1,0,"[upset, cant, update, facebook, texting, might..."
2,0,"[kenichan, dived, many, time, ball, managed, s..."
3,0,"[whole, body, feel, itchy, like, fire]"
4,0,"[nationwideclass, behaving, im, mad, cant, see]"


In [3]:
from sklearn.model_selection import train_test_split

In [4]:
train_sample = train_tweets.sample(n=25000, random_state = 42)
train_sample.polarity.value_counts()

4    12529
0    12471
Name: polarity, dtype: int64

In [5]:
X_train, X_test, y_train, y_test = train_test_split(train_sample['processed_tweets'], 
                                                    train_sample['polarity'], 
                                                    test_size=.20, 
                                                    random_state=1)

In [6]:
all_words_list = [item for sublist in X_train for item in sublist]

In [7]:
total_vocab = set(all_words_list)

In [8]:
print(len(all_words_list))
len(total_vocab)

154984


31349

# Initial TF-IDF Vectorization

In [32]:
vectorizer = TfidfVectorizer()

In [33]:
train_tweet_list = X_train.apply(('').join)
test_tweet_list = X_test.apply(('').join)

In [34]:
tfidf_train = vectorizer.fit_transform(train_tweet_list)
tfidf_test = vectorizer.transform(test_tweet_list)

In [28]:
tfidf_train.shape

(20000, 20269)

# Naive Bayes

In [13]:
nb_classifier = MultinomialNB()
# rf_classifier = RandomForestClassifier(n_estimators=5)

In [14]:
nb_classifier.fit(tfidf_train, y_train)
nb_train_preds = nb_classifier.predict(tfidf_train)
nb_test_preds = nb_classifier.predict(tfidf_test)

In [15]:
nb_train_score = accuracy_score(y_train, nb_train_preds)
nb_test_score = accuracy_score(y_test, nb_test_preds)
print("Multinomial Naive Bayes")
print("Training Accuracy: {:.4} \t\t Testing Accuracy: {:.4}".format(nb_train_score, nb_test_score))

Multinomial Naive Bayes
Training Accuracy: 0.9993 		 Testing Accuracy: 0.4968


# Logistic Regression

In [48]:
from sklearn.linear_model import LogisticRegression

solvers = ['sag','saga','lbfgs']
C = [.001, .01, .1, 1, 10, 100,1000]

for solver in solvers:
    for c in C:
        lr_classifier = LogisticRegression(verbose=0, solver=solver,C=c, random_state=0)
        lr_model = lr_classifier.fit(tfidf_train, y_train)
    
        lr_train_score = lr_model.score(tfidf_train, y_train)
        lr_test_score = lr_model.score(tfidf_test, y_test)
    
        print(f"Logistic Regression with {solver} Solver and C={c}")
        print("Training Accuracy: {:.4} \t\t Testing Accuracy: {:.4}\n".format(lr_train_score, lr_test_score))

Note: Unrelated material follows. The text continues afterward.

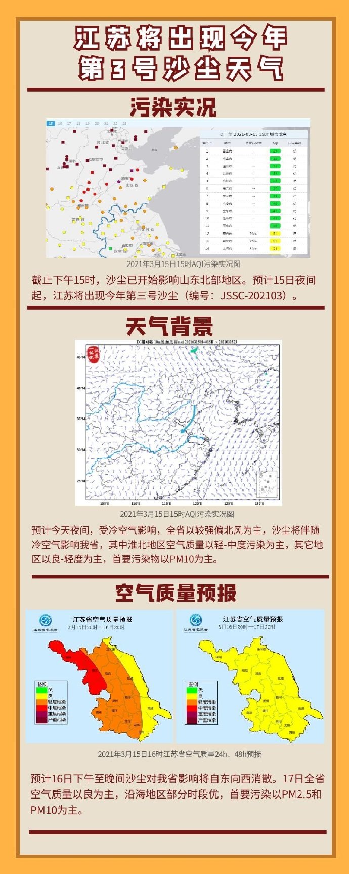 预计今天夜间,受冷空气影响,江苏省以较强偏北风为主,沙尘将伴随冷空气影响江苏省,其中淮北地区空气质量以轻-中度污染为主,其他地区以良-轻度为主,首要污染物以PM10为主。预计16日下午至晚间,沙尘对江苏省影响将自东向西消散。17日全省空气质量以良为主,沿海地区部分时段优,首要污染以PM2.5和PM10为主。

Logistic Regression with sag Solver and C=0.001
Training Accuracy: 0.5038 		 Testing Accuracy: 0.4968

Logistic Regression with sag Solver and C=0.01
Training Accuracy: 0.9988 		 Testing Accuracy: 0.4968

Logistic Regression with sag Solver and C=0.1
Training Accuracy: 0.9989 		 Testing Accuracy: 0.4968

Logistic Regression with sag Solver and C=1
Training Accuracy: 0.9995 		 Testing Accuracy: 0.5106

Logistic Regression with sag Solver and C=10
Training Accuracy: 0.9995 		 Testing Accuracy: 0.5106





Logistic Regression with sag Solver and C=100
Training Accuracy: 0.9995 		 Testing Accuracy: 0.5106





Logistic Regression with sag Solver and C=1000
Training Accuracy: 0.9995 		 Testing Accuracy: 0.5106

Logistic Regression with saga Solver and C=0.001
Training Accuracy: 0.5036 		 Testing Accuracy: 0.4964

Logistic Regression with saga Solver and C=0.01
Training Accuracy: 0.9988 		 Testing Accuracy: 0.4968

Logistic Regression with saga Solver and C=0.1
Training Accuracy: 0.9989 		 Testing Accuracy: 0.4968

Logistic Regression with saga Solver and C=1
Training Accuracy: 0.9995 		 Testing Accuracy: 0.5106

Logistic Regression with saga Solver and C=10
Training Accuracy: 0.9995 		 Testing Accuracy: 0.5106





Logistic Regression with saga Solver and C=100
Training Accuracy: 0.9995 		 Testing Accuracy: 0.5106





Logistic Regression with saga Solver and C=1000
Training Accuracy: 0.9995 		 Testing Accuracy: 0.5106

Logistic Regression with lbfgs Solver and C=0.001
Training Accuracy: 0.5038 		 Testing Accuracy: 0.4968

Logistic Regression with lbfgs Solver and C=0.01
Training Accuracy: 0.9988 		 Testing Accuracy: 0.4968

Logistic Regression with lbfgs Solver and C=0.1
Training Accuracy: 0.9989 		 Testing Accuracy: 0.4968

Logistic Regression with lbfgs Solver and C=1
Training Accuracy: 0.9995 		 Testing Accuracy: 0.5106

Logistic Regression with lbfgs Solver and C=10
Training Accuracy: 0.9995 		 Testing Accuracy: 0.5106



STOP: TOTAL NO. of ITERATIONS REACHED LIMIT.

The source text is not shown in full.